## 압축해제해야 될 때

In [1]:
import os
import tarfile
import gzip
import re
import io
import chardet
import json

def extract_tar_files(src_folder):
    tar_files = [os.path.join(src_folder, file) for file in os.listdir(src_folder) if file.endswith('.tar')]
    print(f"<tar_files> \n{tar_files}")
    return tar_files

def extract_gz_from_tar(tar_file):
    extracted_files = []
    with tarfile.open(tar_file, 'r') as tar:
        for member in tar.getmembers():
            if member.isfile() and member.name.endswith('.gz'):
                extracted_files.append(tar.extractfile(member).read())
    print(f"gz files : \n {extracted_files}")
    return extracted_files

def detect_encoding(data):
    result = chardet.detect(data)
    encoding = result['encoding']
    if encoding is None:
        return 'utf-8'  # 기본 인코딩 설정
    return encoding

def extract_tex_from_gz(gz_data):
    tex_content = ""
    with gzip.open(io.BytesIO(gz_data), 'rb') as f:
        raw_data = f.read()
        encoding = detect_encoding(raw_data)
        try:
            tex_content = raw_data.decode(encoding)
        except (UnicodeDecodeError, TypeError):
            tex_content = raw_data.decode('latin1')  # utf-8 디코딩 실패시 기본적으로 latin1 사용
    return tex_content

def extract_equations_with_context(tex_content):
    pattern = r'(?P<context_before>.{0,200}?)(?P<equation>\$.*?\$)(?P<context_after>.{0,200}?)($|\n)'
    matches = re.finditer(pattern, tex_content, re.DOTALL)
    equations_with_context = []
    for match in matches:
        context_before = match.group('context_before').strip()
        equation = match.group('equation').strip()
        context_after = match.group('context_after').strip()

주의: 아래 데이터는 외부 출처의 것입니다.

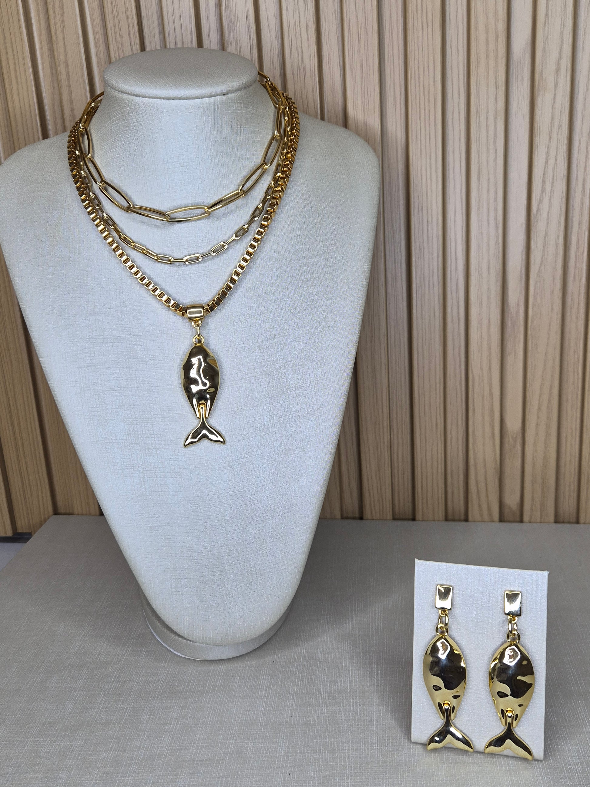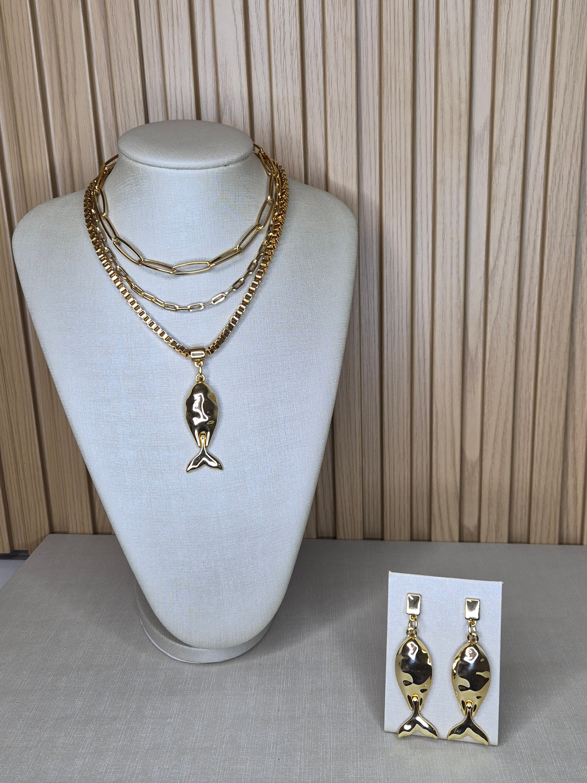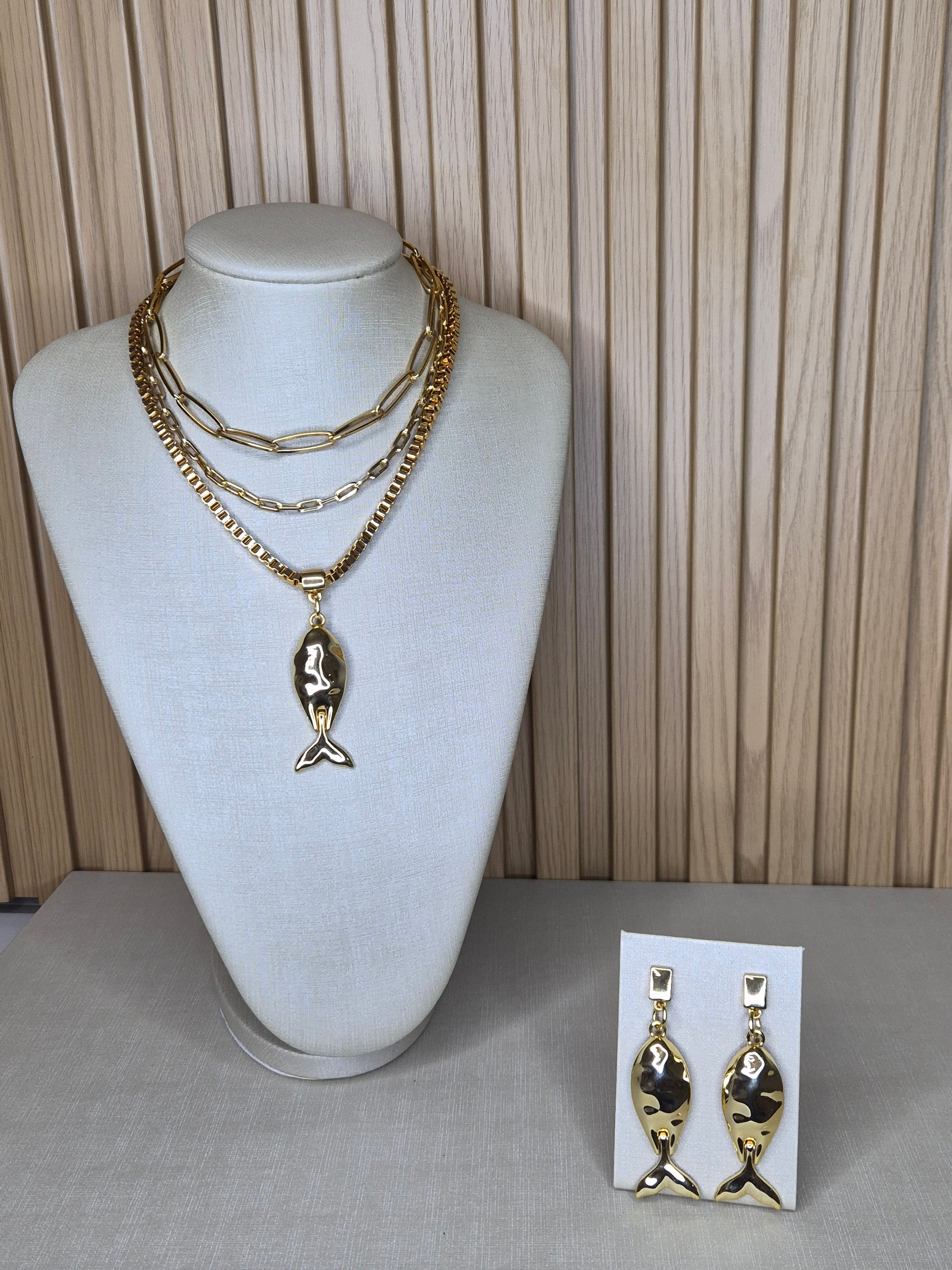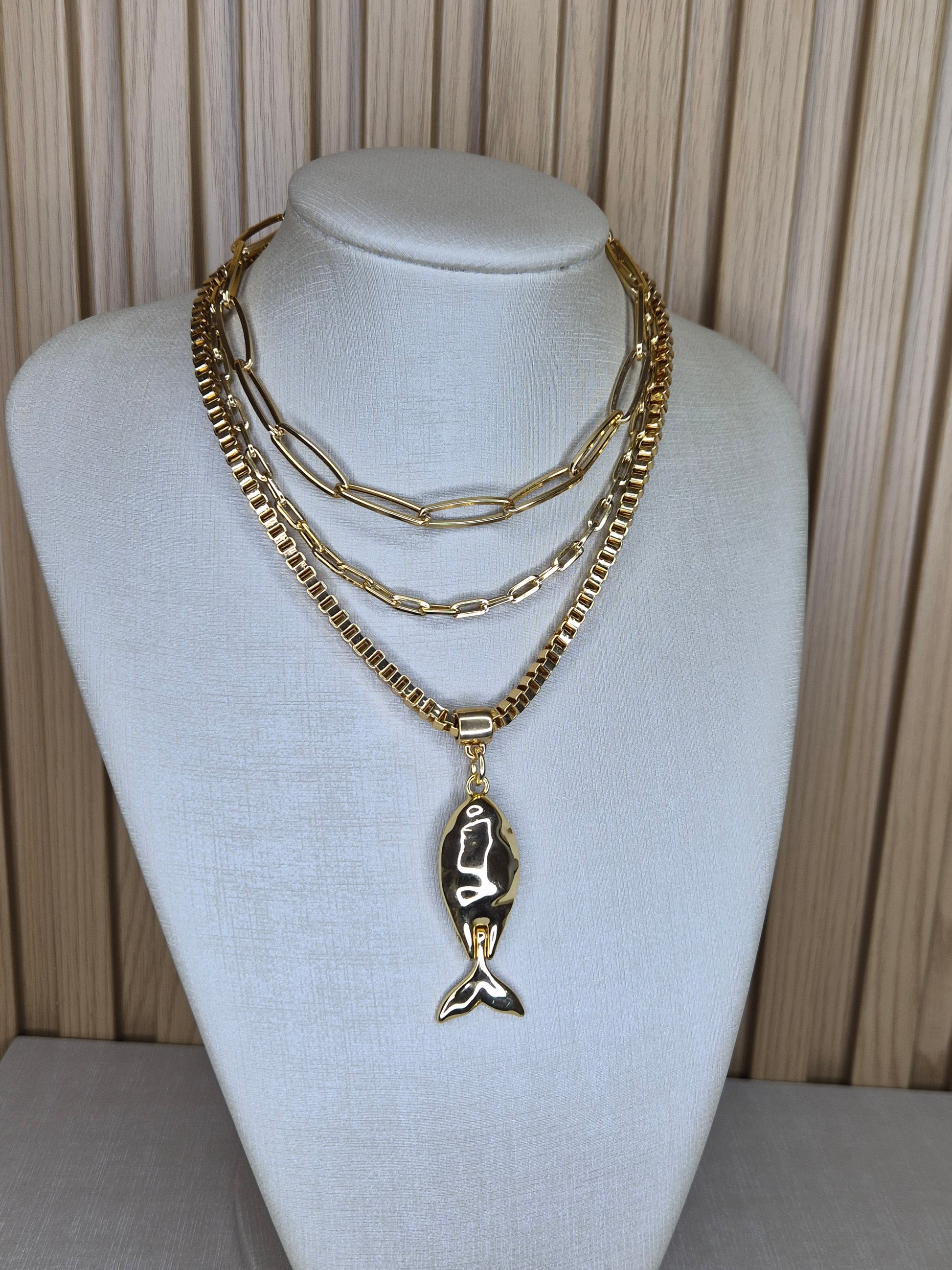 Colar com correntes em camadas e medalhão central espelhado, envolto por acabamento dourado com detalhe geométrico. Uma peça imponente e sofisticada, que une design contemporâneo e elegância atemporal.

        # context_before를 10단어 이하로 제한
        context_before_words = context_before.split()
        if len(context_before_words) > 10:
            context_before = ' '.join(context_before_words[-10:])
        
        # context_after를 10단어 이하로 제한
        context_after_words = context_after.split()
        if len(context_after_words) > 10:
            context_after = ' '.join(context_after_words[:10])
        
        # context_after에 수식이 없도록 처리
        if '$' in context_after:
            context_after = context_after.split('$')[0].strip()
                
        # context_after가 비어 있는 경우 다음 줄의 내용을 포함하도록 보정
        if not context_after and '\n' in tex_content:
            remaining_text = tex_content.split(equation, 1)[1].strip()
            context_after = remaining_text.split('\n', 1)[0].strip()
            if '$' in context_after:
                context_after = context_after.split('$')[0].strip()

        # context_after를 다시 10단어 이하로 제한
        context_after_words = context_after.split()
        if len(context_after_words) > 10:
            context_after = ' '.join(context_after_words[:10])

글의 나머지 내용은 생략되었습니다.